Les vendanges précoces en Valdera et dans la zone du Cuoio constituent aussi un autre signe de la manière dont le changement climatique modifie les calendriers agricoles en Italie. Une récolte qui commence avant la mi-août aurait autrefois été inhabituelle dans de nombreuses régions de Toscane. Désormais, les producteurs planifient de plus en plus une maturation avancée, une accumulation plus rapide des sucres et une fenêtre de vendange raccourcie, surtout lors des années chaudes.

Le schéma météorologique de cette année explique en grande partie cette évolution. Les pluies tombées plus tôt dans l’année ont aidé les vignobles à constituer des réserves, mais elles n’ont pas suffi à les protéger d’une longue période de chaleur estivale exceptionnelle. Une fois ces températures installées, les vignes ont évolué rapidement et, dans les secteurs où la capacité de rétention d’eau est plus faible, les plants ont subi un stress malgré l’aspect sain des raisins.

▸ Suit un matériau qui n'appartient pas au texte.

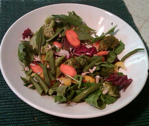 Today when I was eating my lunch salad, I started thinking about why I hate eating restaurant salads. I am usually disappointed in my salad when I order it. Say I go out for lunch with one of my friends and we both want to eat healthy foods, so we look over the salad menu. I scour it to find a salad that has the widest variety of vegetables in it. If I am lucky I find a salad that has a few asparagus tips, a sprinkling of red pepper slices or a nicoise salad with some nice green beans. Most of the time I find salads with lettuce, tortilla strips, grated cheese and sour cream. Not too healthy!!
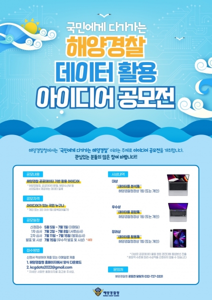 해양경찰 데이터 활용에 관심 있는 국민은 누구나 참여할 수 있으며 공모접수 기간은 5월 5일부터 7월 1일까지이다.

Un certain soulagement est déjà venu sous la forme de pluies éparses sur le territoire, mais les producteurs attendent encore de voir si cela suffira. Des averses légères ou irrégulières peuvent peu aider les vignobles les plus touchés, tandis qu’une meilleure répartition des pluies pourrait contribuer à stabiliser les conditions pendant la phase finale décisive des vendanges.

Pour les producteurs, le débat dépasse déjà cette campagne. Pagni a déclaré que l’été a clairement montré que de nombreuses zones auront besoin de changements concrets si elles veulent faire face à un climat plus chaud. Elle a évoqué la nécessité de systèmes d’irrigation d’urgence et de réservoirs capables de stocker l’eau pour les périodes de sécheresse sévère.

Ces investissements devraient devenir plus urgents si les étés chauds et secs continuent d’être plus fréquents. Dans des endroits comme la Valdera et la zone du Cuoio, où le vin reste une activité agricole et économique importante, le défi n’est plus seulement de protéger la qualité du raisin lors d’une saison difficile. Il s’agit de maintenir la production viable lorsque la chaleur arrive plus tôt, que les pluies deviennent moins fiables et que le marché est déjà sous tension.